Can a hardware device and your smartphone make it easier for you to optimize your productivity, and improve your concentration? A new, Los Angeles startup, Melon, thinks so, and just booted up an effort this week to raise funding for its brainwave-monitoring headband and smartphone app. We caught up with founders Arye Barnehama and Laura Michelle Berman earlier this week to hear more about what Melon is hoping to do with its brain-reading headband.
What is Melon?
Arye Barnehama: Melon is all about turning the invisible activity of the mind, into something visible and meaningful in your everyday life. Laura and I both have cognitive science background, and this really sparked our desire to build something around allowing people to understand their brains better, and live better day-to-day. It's all about the quantified self moment. You might be familiar with the devices from Jawbone, Nike Fuel, Fitbit. We see ourselves as a layer of understanding, rather than just quantifying. We really want to provide insights and understanding, and hope that users get a better understanding of themselves.
For those who haven't seen your device, what does it look like?
Laura Michelle Berman: The hardware is an EKG headband. When we designed the headband, we made it so they can wear it during any activity that they are used to. You can secure it on your head, and use it during exercise, athletics, working in your office, or studying in the library.
Arye Barnehama: What the hardware does, is it measures the electrical activity given by the brain. Your neurons are constantly firing and sending positive and negative ions back and forth. We take a look at that activity, and have developed algorithms with top partners to turn make that measurable.
What is that brain activity going to tell you?
Arye Barnehama: How you achieve a mental task, is having an awareness of yourself and understanding of yourself. That's what focus is. It's about achieving the state of one mental task by focusing on something, which is what they call "flow". Programmers know about flow, athletes know about it. It's understanding yourself. The first Melon app is about how to achieve that state of one mental task.
What are your backgrounds and how'd you start Melon?
Arye Barnehama: Both of our backgrounds are in cognitive science and computer science. We were doing research at a neuroscience lab, and had been introduced to a lot of really fascinating, brain machine technology, which was being used to map out the brain. We were fascinated by this, and we really wanted to see if the technology could be used in a better way, in a day-to-day environment. There is some amazing and powerful technology only available in a lab to understand how the brain works. I'm someone hwo loves products that integrate into day to day life, and thought that doing that would be a great way to use the technology. That's when I approached Laura about the idea. I wanted to see if both of our combined background could have the synergy to produce a product like we have with Melon, bringing brain science and understanding into everyday life.
Where did the hardware expertise come from for developing the headband?
Laura Michelle Berman: We have a third member of our team, Janus Ternullo, who has been making medical measurement devices and doing all kinds of signal processing, including developing EEG products for the last 20 years. He's out of MIT.
You took an interesting approach with the startup, which is using crowdsourcing. Can you talk about your choice to go with Kickstarter to raise funds?

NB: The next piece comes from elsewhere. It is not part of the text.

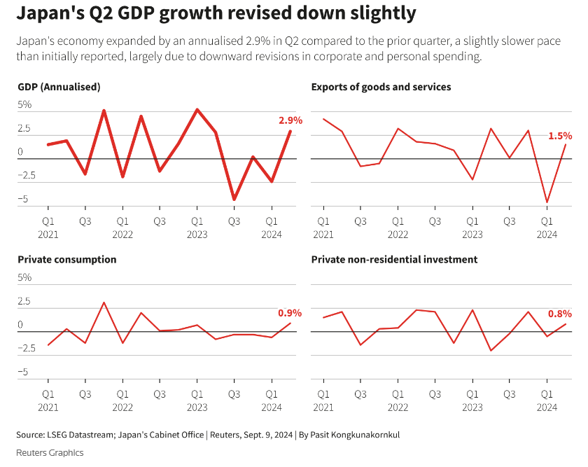 日本第二季度经济增速略低于最初报告的增速,因企业和家庭支出下调, 这表明其下半年的消费前景和央行的加息计划更加崎岖不平。

Arye Barnehama: It's a really exciting time for hardware companies now, especially because of crowdfunding platforms. For us, it's a really amazing, engaging, and exciting audience. That was really one of the draws for us. It's a great audience of early adopters. It's a place you can put out your product, and get feeedback on how people want to use it, and how they want to integrate it into their daily life. We wanted to engage with the earliest adopters around Melon. The other part of it, is we'll be launching a software development kit with the product, and Kickstarter has a track record of getting developers really excited about products.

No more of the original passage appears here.